Subsistence and Commercial Activities. The vast majority of Qashqa'i subsist on a mixed pastoral-agricultural economy. The nomads are more dependent on their sheep and goats, whereas the villagers place a greater reliance on agriculture. They sell surplus live animals once a year, usually in cities, and dairy products (fresh and clarified butter, dried curds) in villages and town markets. The animals provide meat for the Qashqa'i on ceremonial occasions and also whenever one is slaughtered because of injury or illness. The people consume diverse dairy products, primarily yogurt, sour milk, butter, cheese, and dried curds. The nomads rely heavily on their wide territories for meat from game animals and for gathered foods of many kinds. Their staple food is bread baked both from the wheat that they cultivate in winter and summer pastures and from wheat that they purchase. Women weave many items from the yarn they spin from the raw wool of their sheep and from the raw hair of their goats—including knotted pile carpets (for which the Qashqa'i have been internationally famous since the nineteenth century), various flat weaves, saddlebags, horse covers, and tent fabric. Most of these items are used in Qashqa'i tents or given as gifts within the group, but some are sold in villages and urban bazaars.

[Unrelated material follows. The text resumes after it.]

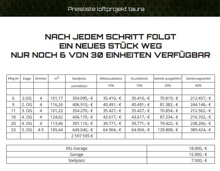 Laut aktueller Aufstellung entfallen bei den Einheiten bis zu 60 % des Kaufpreises auf Sanierungskosten, was die Attraktivität des Investments zusätzlich steigert.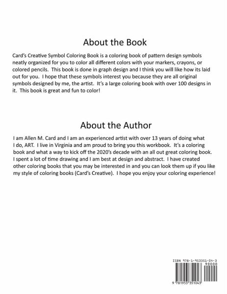 Card's Creative Symbol Coloring Book is a coloring book of pattern design symbols neatly organized for you to color all different colors with your markers, crayons, or colored pencils. This book is done in graph design and I think you will like how its laid out for you. I hope that these symbols interest you because they are all original symbols designed by me, the artist. It's a large coloring book with over 100 designs in it. This book is great and fun to color! I am Allen M. Card and I am an experienced artist with over 13 years of doing what I do, ART. I live in Virginia and am proud to bring you this workbook. It's a coloring book and what a way to kick off the 2020's decade with an all out great coloring book. I spent a lot of time drawing and I am best at design and abstract. I have created other coloring books that you may be interested in and you can look them up if you like my style of coloring books (Card's Creative). I hope you enjoy your coloring experience!

Division of Labor. Men, women, and children share the tasks of nomadic pastoralism and agriculture. Men and boys tend the sheep and goats, herd the camels, care for the pack animals (camels, mules, donkeys), pitch the tents, lead the seasonal migrations, cultivate the crops, trade in markets, and hunt. Women and children perform most of the chores connected with the home. Women care for children, cook, bake bread, weave, tend animals near the tent, collect water and fuel, and gather wild fruits and vegetables. Boys assist their fathers, and girls help their mothers. During the migration and in any kind of crisis, all of the people help with whatever work is necessary. Among the Qashqa'i who live in villages, men cultivate fields and negotiate economic affairs, and women and children are responsible for domestic tasks. For the nomads in particular, a fairly equitable social and economic relationship exists between men and women.
Land Tenure. Until the national land reforms of the 1960s, the Qashqa'i derived their rights to use pastures and agricultural land through membership in their tribal groups. Tribal leaders held control over territory and distributed land rights. In the 1960s, when the government nationalized Iran's pastures and confiscated much of the cultivable land, most Qashqa'i lost their customary rights. The shah's government had not yet adequately formulated a new system of land tenure for the pastoralists when the 1979 Revolution occurred. Despite much talk about land reform, the Islamic Republic has continued to avoid any systematic reorganization of land tenure. It does, for the moment, recognize the private rights of individual users of pastoral and agricultural land, especially if they can demonstrate and prove past occupancy and use of the land.